Task prompt. Everything in the listing below must be reproduced exactly, apart from its images.

Top of The data

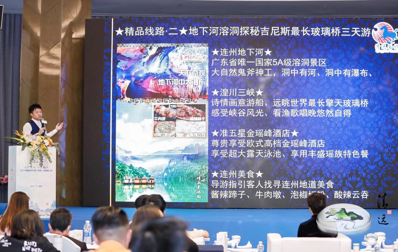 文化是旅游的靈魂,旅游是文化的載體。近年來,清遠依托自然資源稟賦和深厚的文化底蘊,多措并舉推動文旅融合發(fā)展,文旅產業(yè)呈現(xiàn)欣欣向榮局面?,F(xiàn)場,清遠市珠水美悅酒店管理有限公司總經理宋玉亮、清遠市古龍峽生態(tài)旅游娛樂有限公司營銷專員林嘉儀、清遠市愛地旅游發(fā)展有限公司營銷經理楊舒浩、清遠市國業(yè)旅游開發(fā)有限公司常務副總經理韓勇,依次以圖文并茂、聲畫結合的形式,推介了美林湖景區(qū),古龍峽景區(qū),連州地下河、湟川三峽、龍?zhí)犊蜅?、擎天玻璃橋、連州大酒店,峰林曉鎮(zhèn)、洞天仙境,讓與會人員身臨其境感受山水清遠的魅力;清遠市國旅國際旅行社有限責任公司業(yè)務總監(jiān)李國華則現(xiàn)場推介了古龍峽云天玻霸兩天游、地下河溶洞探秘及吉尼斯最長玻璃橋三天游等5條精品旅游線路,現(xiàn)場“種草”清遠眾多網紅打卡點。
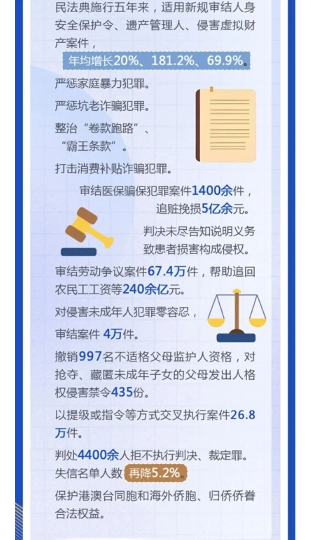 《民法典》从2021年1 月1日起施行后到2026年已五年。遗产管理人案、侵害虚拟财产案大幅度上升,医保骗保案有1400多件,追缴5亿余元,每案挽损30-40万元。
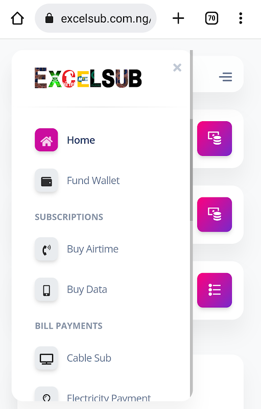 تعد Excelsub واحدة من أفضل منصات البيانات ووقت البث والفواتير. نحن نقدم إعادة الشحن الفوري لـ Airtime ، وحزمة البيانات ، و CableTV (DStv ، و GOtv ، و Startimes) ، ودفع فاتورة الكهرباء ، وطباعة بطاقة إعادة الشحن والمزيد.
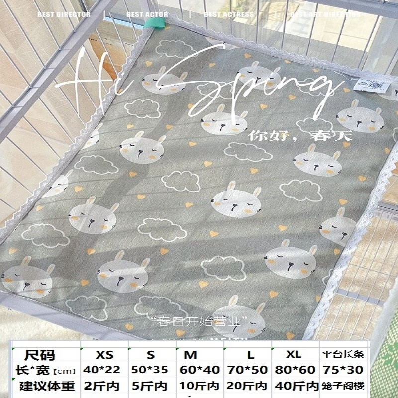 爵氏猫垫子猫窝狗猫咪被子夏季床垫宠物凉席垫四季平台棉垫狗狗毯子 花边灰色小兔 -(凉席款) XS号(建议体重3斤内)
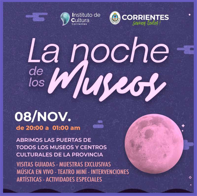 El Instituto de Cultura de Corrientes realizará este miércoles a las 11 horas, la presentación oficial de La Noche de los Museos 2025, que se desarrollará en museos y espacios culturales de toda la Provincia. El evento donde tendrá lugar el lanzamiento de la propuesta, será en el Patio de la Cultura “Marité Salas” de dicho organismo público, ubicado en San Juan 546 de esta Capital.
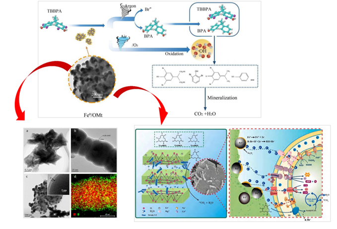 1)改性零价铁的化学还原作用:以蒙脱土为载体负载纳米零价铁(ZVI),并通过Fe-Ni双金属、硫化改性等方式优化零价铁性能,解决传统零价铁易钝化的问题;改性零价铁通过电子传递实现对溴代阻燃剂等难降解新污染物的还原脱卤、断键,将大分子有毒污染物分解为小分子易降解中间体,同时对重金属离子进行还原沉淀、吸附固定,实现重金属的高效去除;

Bottom of The data

Response to the exercise.
 文化是旅游的靈魂,旅游是文化的載體。近年來,清遠依托自然資源稟賦和深厚的文化底蘊,多措并舉推動文旅融合發(fā)展,文旅產業(yè)呈現(xiàn)欣欣向榮局面?,F(xiàn)場,清遠市珠水美悅酒店管理有限公司總經理宋玉亮、清遠市古龍峽生態(tài)旅游娛樂有限公司營銷專員林嘉儀、清遠市愛地旅游發(fā)展有限公司營銷經理楊舒浩、清遠市國業(yè)旅游開發(fā)有限公司常務副總經理韓勇,依次以圖文并茂、聲畫結合的形式,推介了美林湖景區(qū),古龍峽景區(qū),連州地下河、湟川三峽、龍?zhí)犊蜅?、擎天玻璃橋、連州大酒店,峰林曉鎮(zhèn)、洞天仙境,讓與會人員身臨其境感受山水清遠的魅力;清遠市國旅國際旅行社有限責任公司業(yè)務總監(jiān)李國華則現(xiàn)場推介了古龍峽云天玻霸兩天游、地下河溶洞探秘及吉尼斯最長玻璃橋三天游等5條精品旅游線路,現(xiàn)場“種草”清遠眾多網紅打卡點。
 《民法典》从2021年1 月1日起施行后到2026年已五年。遗产管理人案、侵害虚拟财产案大幅度上升,医保骗保案有1400多件,追缴5亿余元,每案挽损30-40万元。
 تعد Excelsub واحدة من أفضل منصات البيانات ووقت البث والفواتير. نحن نقدم إعادة الشحن الفوري لـ Airtime ، وحزمة البيانات ، و CableTV (DStv ، و GOtv ، و Startimes) ، ودفع فاتورة الكهرباء ، وطباعة بطاقة إعادة الشحن والمزيد.
 爵氏猫垫子猫窝狗猫咪被子夏季床垫宠物凉席垫四季平台棉垫狗狗毯子 花边灰色小兔 -(凉席款) XS号(建议体重3斤内)
 El Instituto de Cultura de Corrientes realizará este miércoles a las 11 horas, la presentación oficial de La Noche de los Museos 2025, que se desarrollará en museos y espacios culturales de toda la Provincia. El evento donde tendrá lugar el lanzamiento de la propuesta, será en el Patio de la Cultura “Marité Salas” de dicho organismo público, ubicado en San Juan 546 de esta Capital.
 1)改性零价铁的化学还原作用:以蒙脱土为载体负载纳米零价铁(ZVI),并通过Fe-Ni双金属、硫化改性等方式优化零价铁性能,解决传统零价铁易钝化的问题;改性零价铁通过电子传递实现对溴代阻燃剂等难降解新污染物的还原脱卤、断键,将大分子有毒污染物分解为小分子易降解中间体,同时对重金属离子进行还原沉淀、吸附固定,实现重金属的高效去除;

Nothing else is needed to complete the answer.